[Material shown Boundary: Start]

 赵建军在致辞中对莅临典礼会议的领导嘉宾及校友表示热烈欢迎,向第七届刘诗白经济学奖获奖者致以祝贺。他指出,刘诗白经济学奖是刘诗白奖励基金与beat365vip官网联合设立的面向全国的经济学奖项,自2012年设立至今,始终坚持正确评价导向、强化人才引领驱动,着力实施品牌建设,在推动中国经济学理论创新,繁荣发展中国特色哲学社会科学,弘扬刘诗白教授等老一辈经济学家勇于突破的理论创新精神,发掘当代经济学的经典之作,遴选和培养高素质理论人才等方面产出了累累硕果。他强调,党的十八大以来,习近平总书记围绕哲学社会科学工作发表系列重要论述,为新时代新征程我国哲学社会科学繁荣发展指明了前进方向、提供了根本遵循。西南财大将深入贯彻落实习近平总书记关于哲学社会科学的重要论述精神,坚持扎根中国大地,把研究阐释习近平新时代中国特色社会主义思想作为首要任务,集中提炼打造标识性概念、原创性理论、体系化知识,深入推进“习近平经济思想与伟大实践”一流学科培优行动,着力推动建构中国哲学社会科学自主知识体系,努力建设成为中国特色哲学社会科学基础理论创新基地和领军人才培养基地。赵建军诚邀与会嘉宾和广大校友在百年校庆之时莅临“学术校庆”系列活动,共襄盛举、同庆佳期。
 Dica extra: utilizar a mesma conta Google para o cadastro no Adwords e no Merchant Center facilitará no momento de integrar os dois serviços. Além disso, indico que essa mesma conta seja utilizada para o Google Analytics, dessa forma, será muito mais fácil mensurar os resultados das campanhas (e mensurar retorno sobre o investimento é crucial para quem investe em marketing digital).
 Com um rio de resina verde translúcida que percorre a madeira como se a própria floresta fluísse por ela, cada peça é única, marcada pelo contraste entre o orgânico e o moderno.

[Material shown Boundary: End]
[Material shown Boundary: Start]

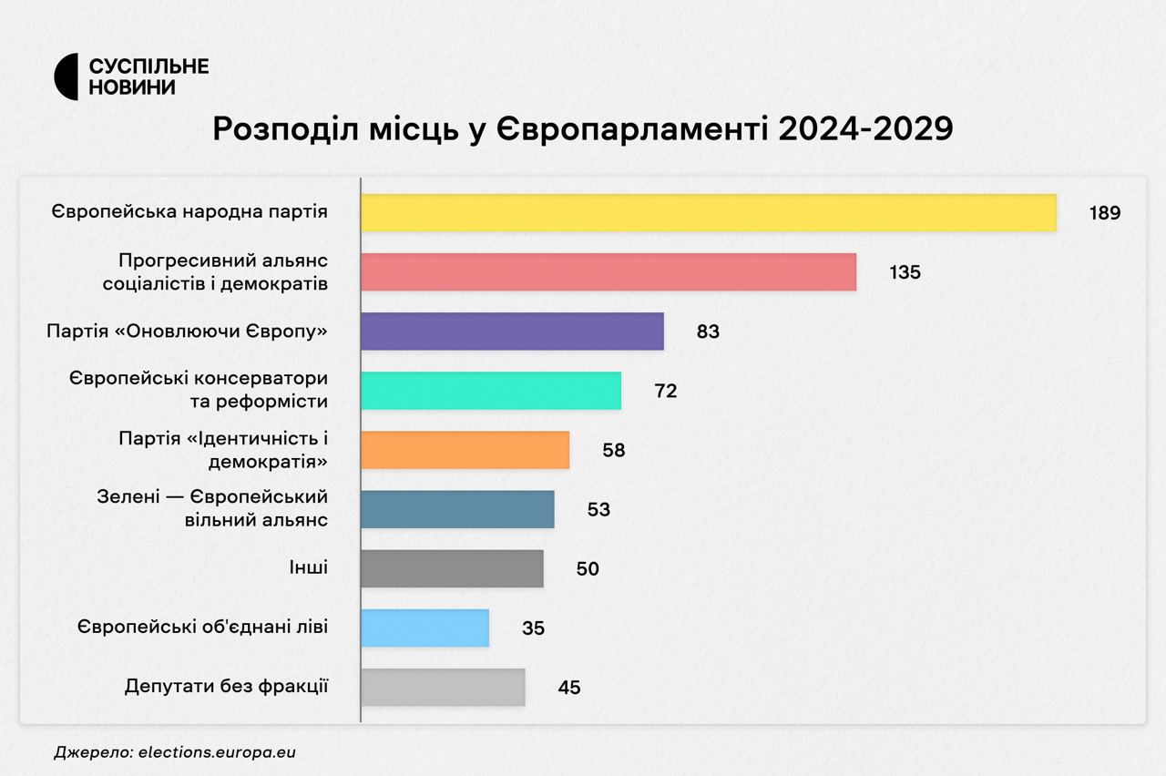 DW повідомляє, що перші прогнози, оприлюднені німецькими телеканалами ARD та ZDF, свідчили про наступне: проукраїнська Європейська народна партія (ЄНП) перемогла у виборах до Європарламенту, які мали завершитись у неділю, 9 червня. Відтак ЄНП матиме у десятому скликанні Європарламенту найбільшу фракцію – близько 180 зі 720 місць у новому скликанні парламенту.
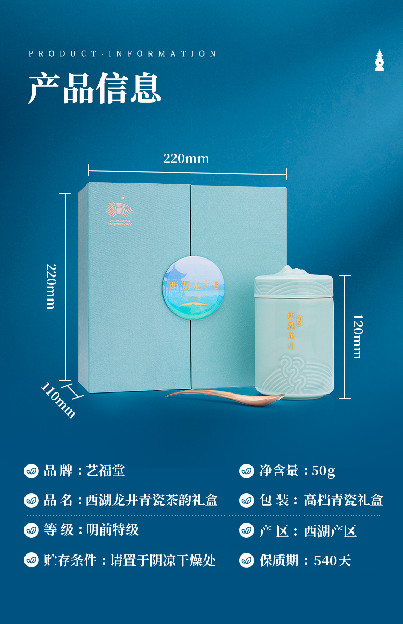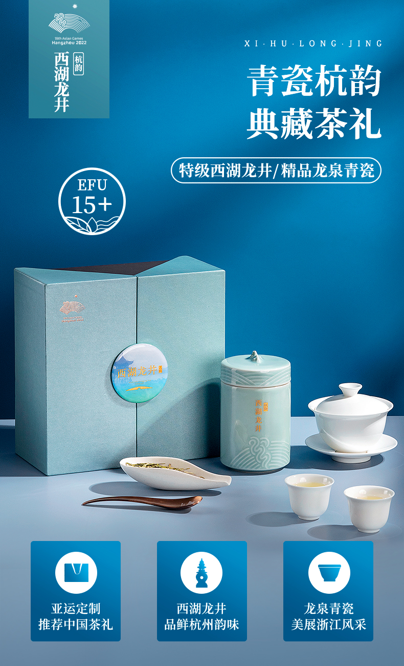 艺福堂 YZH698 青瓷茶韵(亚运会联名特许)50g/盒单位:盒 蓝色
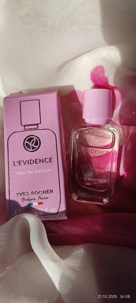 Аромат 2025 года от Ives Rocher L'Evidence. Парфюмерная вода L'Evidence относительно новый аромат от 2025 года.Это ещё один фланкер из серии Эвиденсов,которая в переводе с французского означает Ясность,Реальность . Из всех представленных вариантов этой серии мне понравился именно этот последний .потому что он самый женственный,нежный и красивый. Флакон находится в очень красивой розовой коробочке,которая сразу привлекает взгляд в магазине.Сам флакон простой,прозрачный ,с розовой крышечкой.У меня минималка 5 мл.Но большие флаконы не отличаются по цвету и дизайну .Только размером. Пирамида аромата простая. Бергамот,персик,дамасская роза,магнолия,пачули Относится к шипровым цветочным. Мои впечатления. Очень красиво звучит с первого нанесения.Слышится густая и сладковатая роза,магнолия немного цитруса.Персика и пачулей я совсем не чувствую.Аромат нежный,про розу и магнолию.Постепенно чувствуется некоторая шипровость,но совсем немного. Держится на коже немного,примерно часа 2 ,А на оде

[Material shown Boundary: End]

Exercise prompt »
Print, exactly, each line above from the one with "DW повідомляє, що" to the one with "艺福堂 YZH698 青瓷茶韵(亚运会联名特许)50g/盒单位:盒 蓝色", end lines included. Leave pictures out of it.

Answer to this exercise »
 DW повідомляє, що перші прогнози, оприлюднені німецькими телеканалами ARD та ZDF, свідчили про наступне: проукраїнська Європейська народна партія (ЄНП) перемогла у виборах до Європарламенту, які мали завершитись у неділю, 9 червня. Відтак ЄНП матиме у десятому скликанні Європарламенту найбільшу фракцію – близько 180 зі 720 місць у новому скликанні парламенту.
 艺福堂 YZH698 青瓷茶韵(亚运会联名特许)50g/盒单位:盒 蓝色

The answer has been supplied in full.